Dr. Peter Attia's Longevity DEXA Metrics | Visceral Fat | DEXA Body Scan (UK)

Описание к видео Dr. Peter Attia's Longevity DEXA Metrics | Visceral Fat | DEXA Body Scan (UK)

Welcome to the first of three deep-dive videos in our series looking at the DEXA scan metrics of key interest to Peter Attia. Peter is the author of the bestselling book Outlive: The Science & Art of Longevity.

In this first video, we’ll be looking at visceral fat.

In Outlive, Attia likens a person’s normal, subcutaneous fat storage to a bathtub. Our changing level of body fat is like the water level in the bath, he says, rising and falling depending on how fast water flows in from the tap and how quickly it drains down the plughole. When we eat ‘at maintenance’ (calories in = calories out), our fat and weight stay the same, akin to the water level in the bath remaining constant because it fills and empties at the same rate.

But it’s when the taps are fully opened and the bathtub fills and spills over (that is, we eat way more calories than we burn) that problems arise. When our subcutaneous stores fill up, fat spills over into your muscle tissue, blood, liver and pancreas, and around your heart and other organs.
This excess, overspill fat is linked with what Attia calls The Four Horsemen – heart disease, cancer, dementia and diabetes. The fat that accumulates around your organs is visceral fat, which Attia describes as “anything but harmless”.

He says our risk from visceral fat is based on our own genetic capacity to store subcutaneous fat – some people have a bathtub, some a full-size jacuzzi, others a small bucket.

On the Bodyscan DEXA report, your visceral fat result is shown by the last number in the Adipose Tissue table.

Diagnostic thresholds have been applied, such that a measurement below 100 is considered normal. Between 100-160 is ‘increased risk’ and above 160 as ‘high risk.

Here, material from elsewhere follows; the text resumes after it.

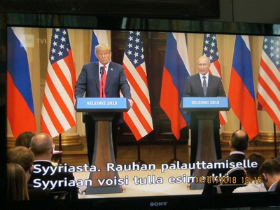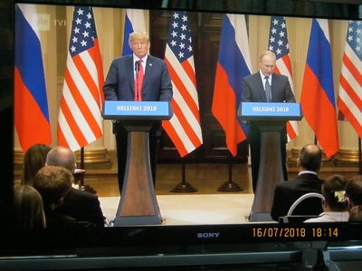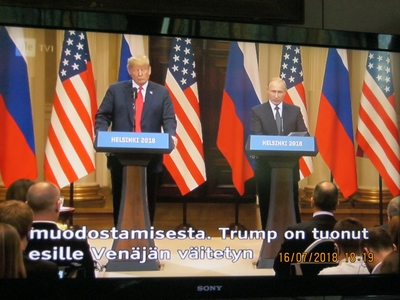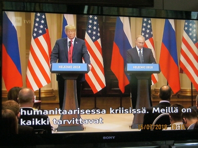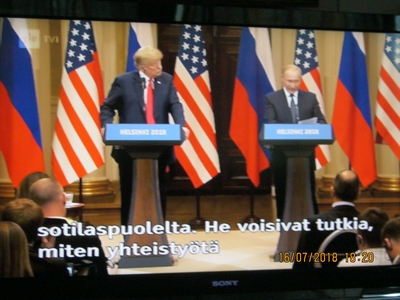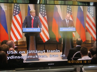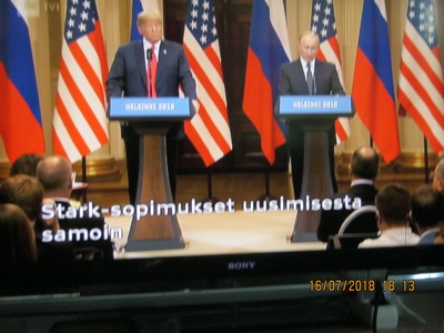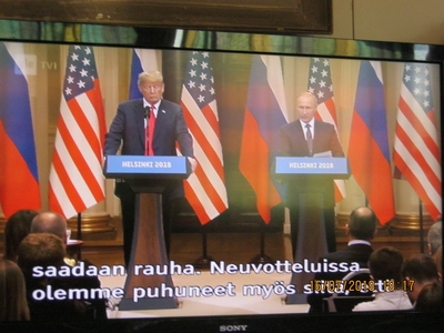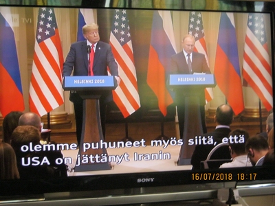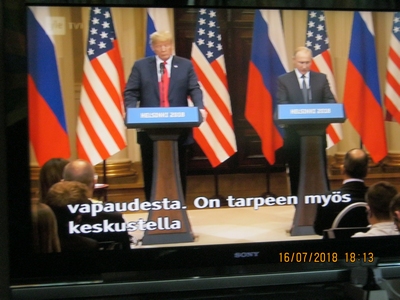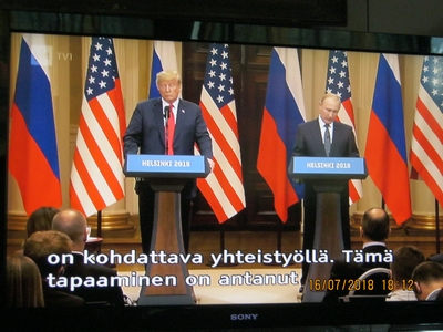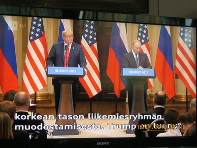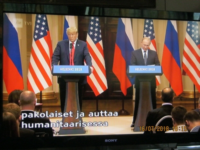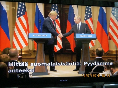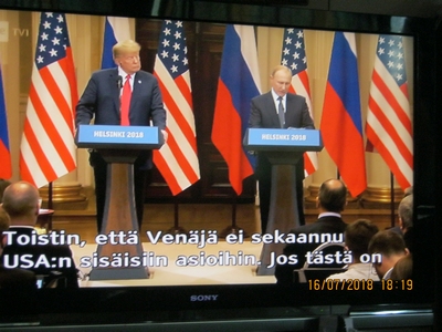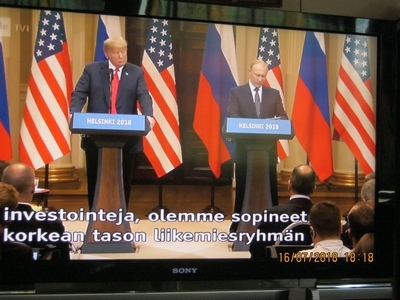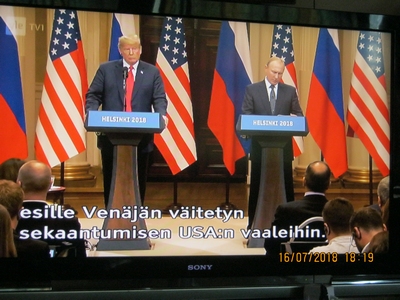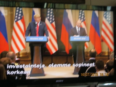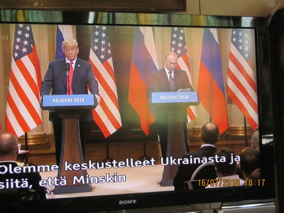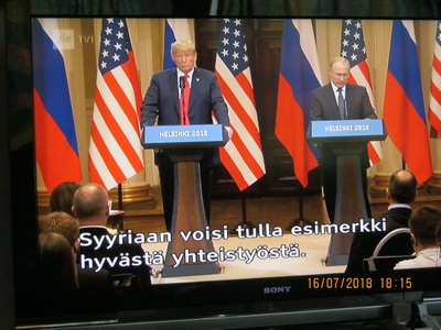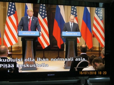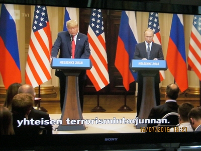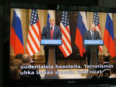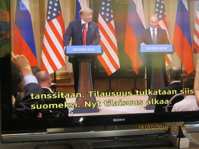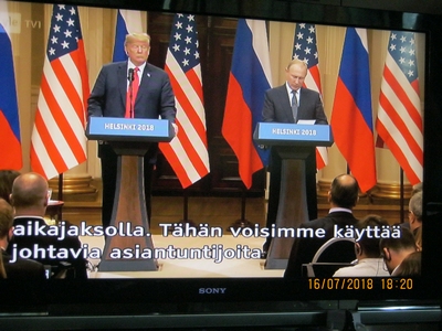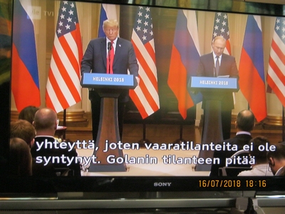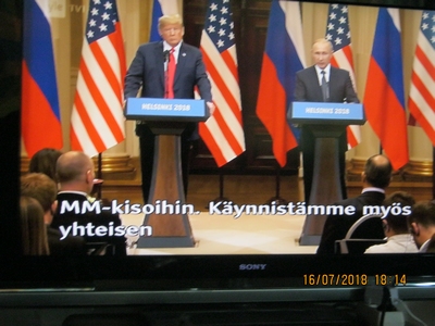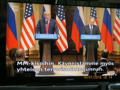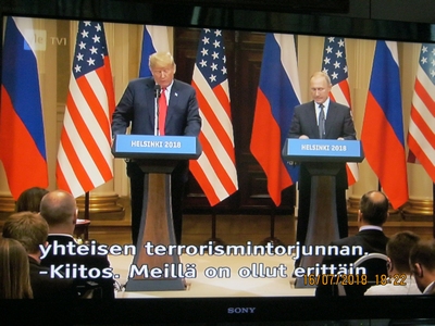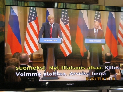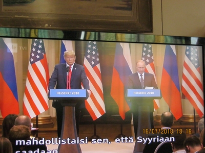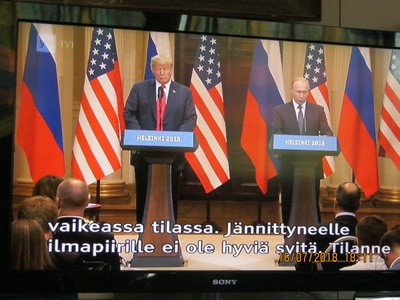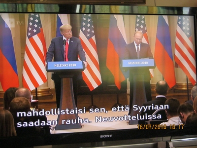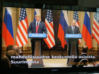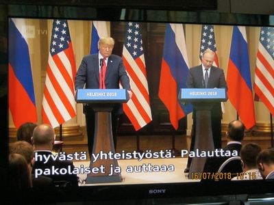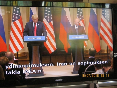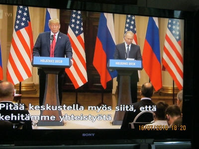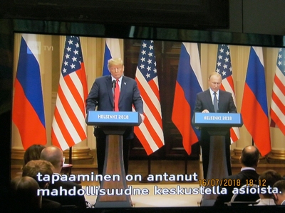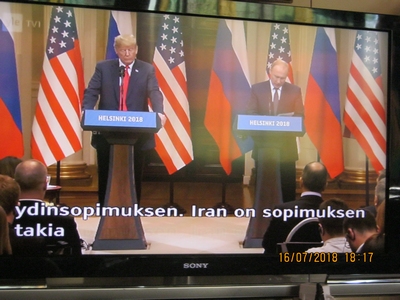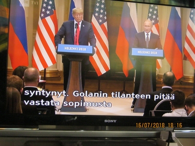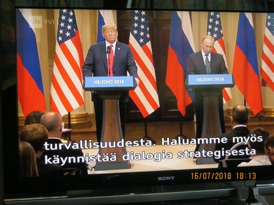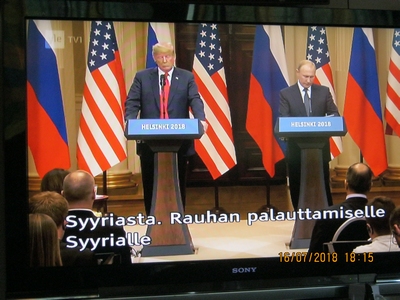 Helsinki 2018. Trump vs. Putin Ylessä 16.07.2018. Presidentti Putin mm. ydinaseista, Stark-sopimuksen uusimisesta, Syyriasta, Iranista, Ukrainasta, kaupasta ja väitetystä sekaantumisesta USA:n vaaleihin sekä humanitaarisesta yhteistyöstä klo 18:10. EDELLINEN - SEURAAVAKuvat Pertti Manninen Ylen live-lähetyksestä. |
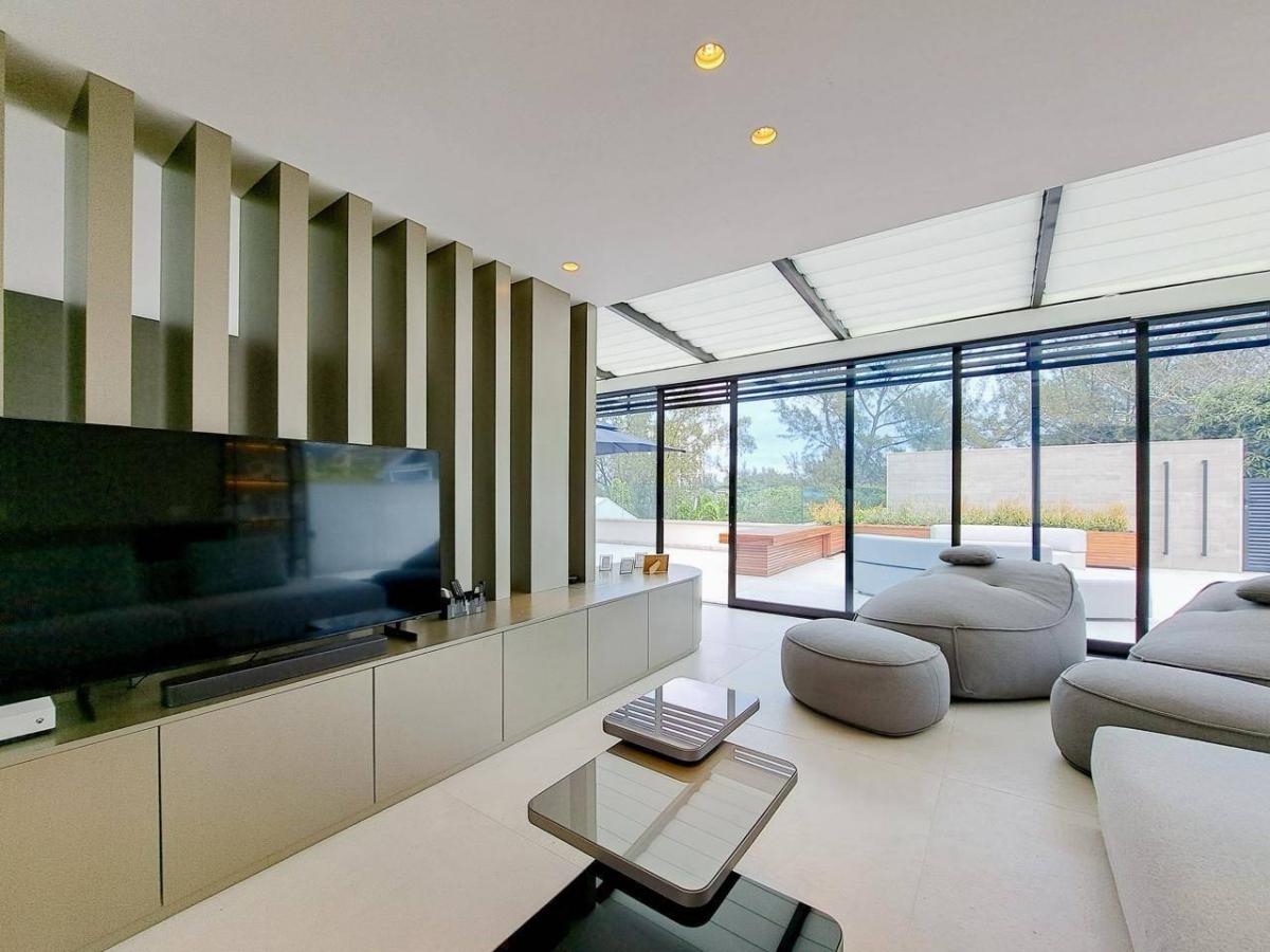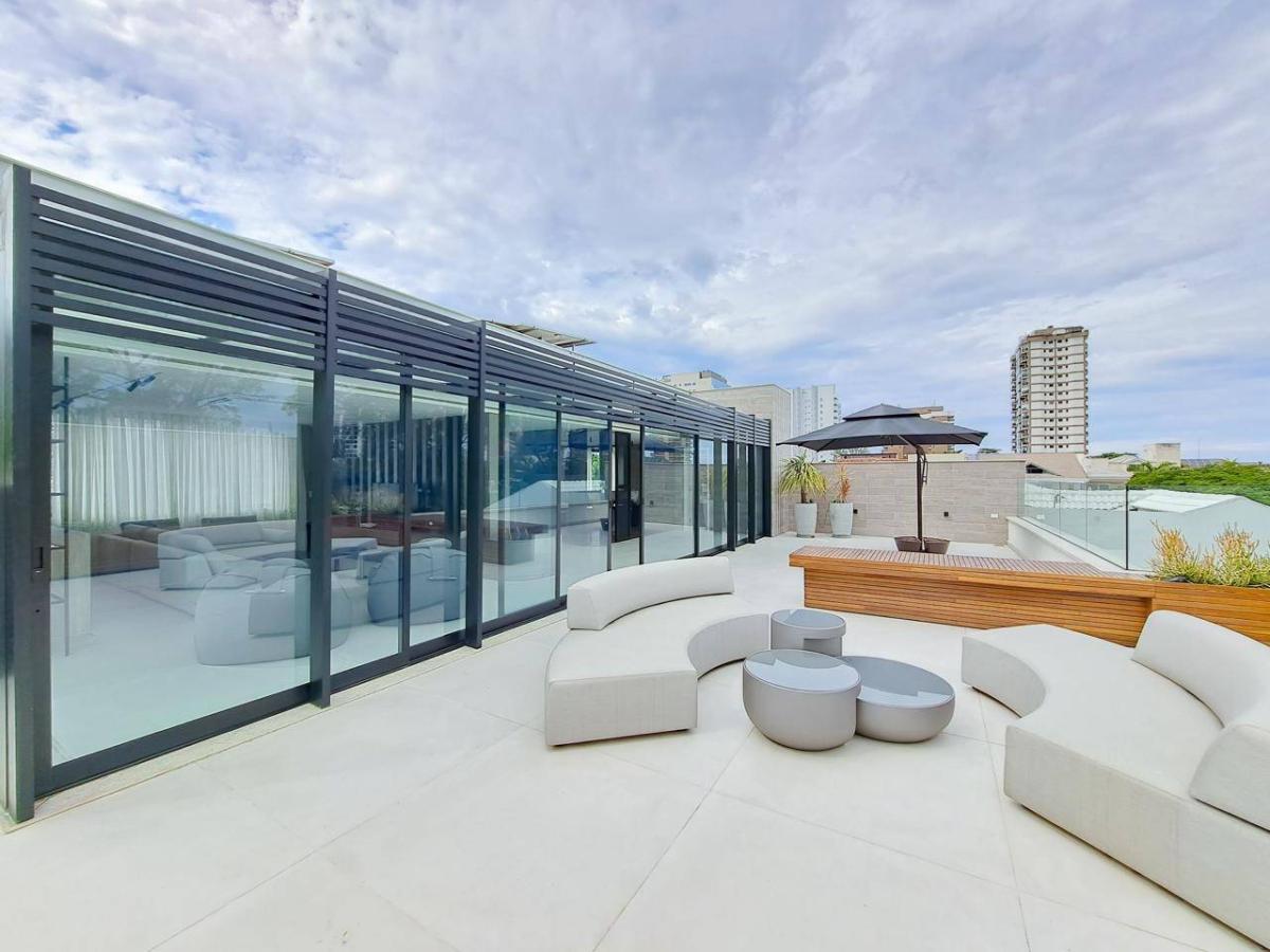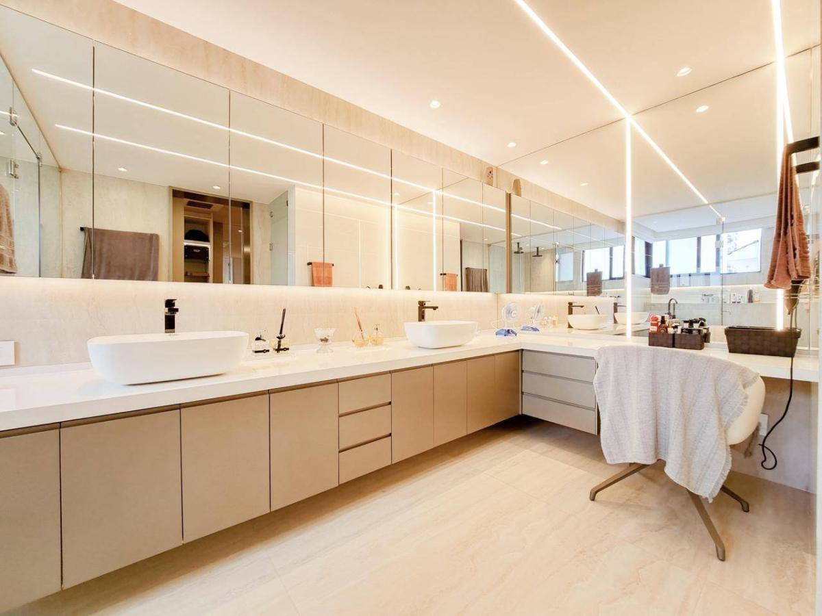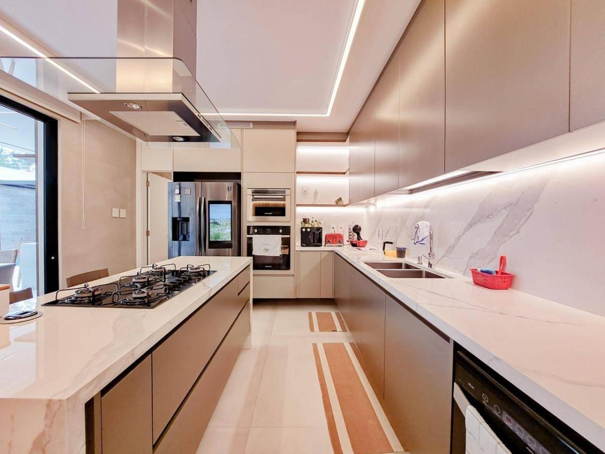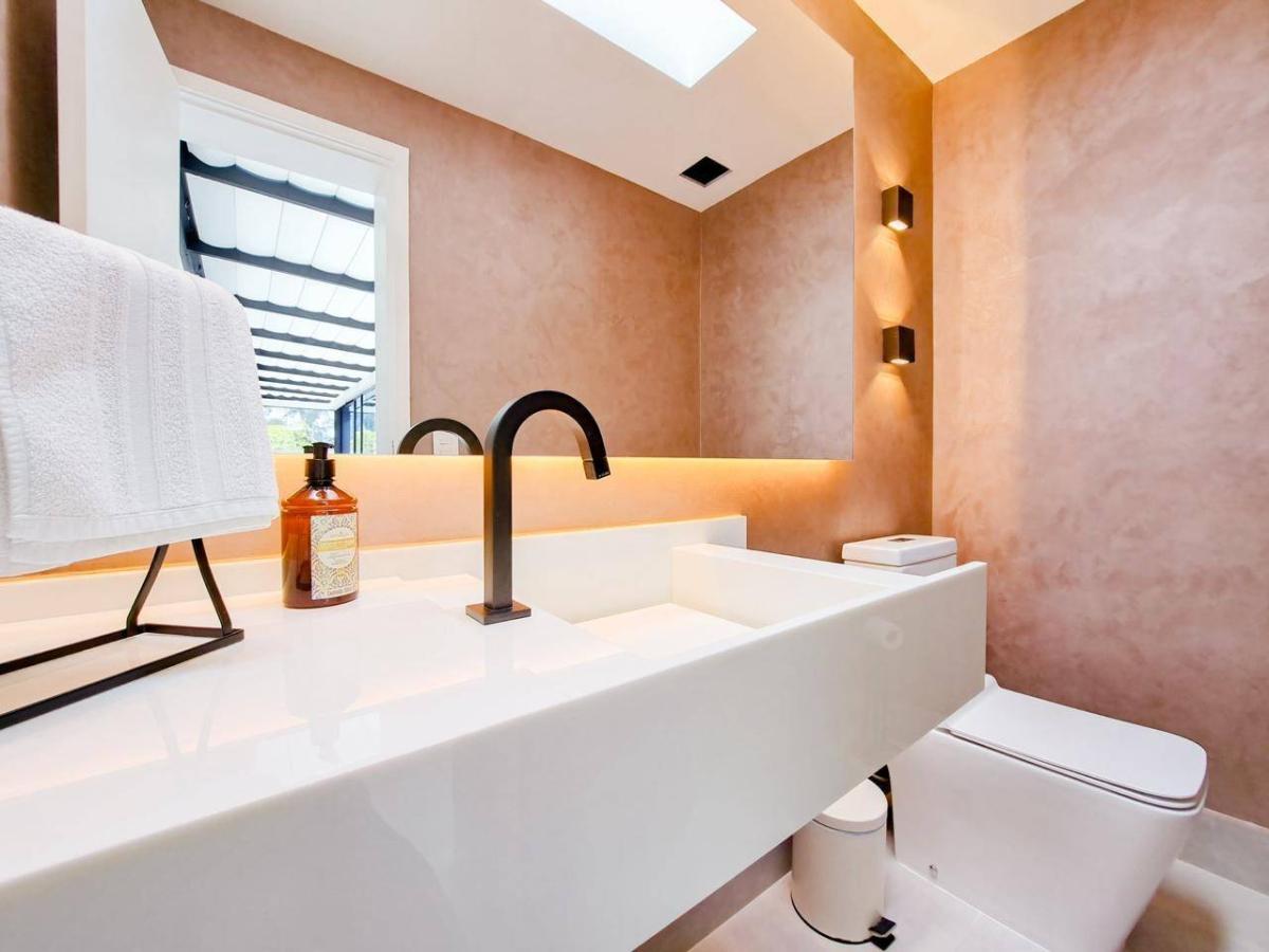 O imóvel tem 5 quartos, sendo 5 suítes, possui 7 banheiros, 3 salas e 4 vagas de garagem.

Bodyscan data shows that visceral fat increases with age, and once you reach the 50th percentile (the average) for overall body fat, visceral fat will double between your 20s and your 50s.

Being ‘average’ might sound OK but in Outlive, Attia says, “It doesn’t take much visceral fat to cause problems.” Even a 40-year-old man with average total body fat “would be considered at exceptionally high risk for cardiovascular disease and type 2 diabetes, in the top 5 percent of risk for your age and sex.”

Now, Bodyscan data shows that visceral fat can remain very low regardless of age. At the lowest percentiles there is little change in the value. In contrast, the highest percentiles we see visceral fat climbing higher and higher – for men and women over 50, visceral fat scores are double those for the under-30s.

In all percentiles, women suffer from a faster rate of increase in visceral fat as they age, particularly after menopause, and at the highest percentiles, women end up with as much visceral fat or more than men.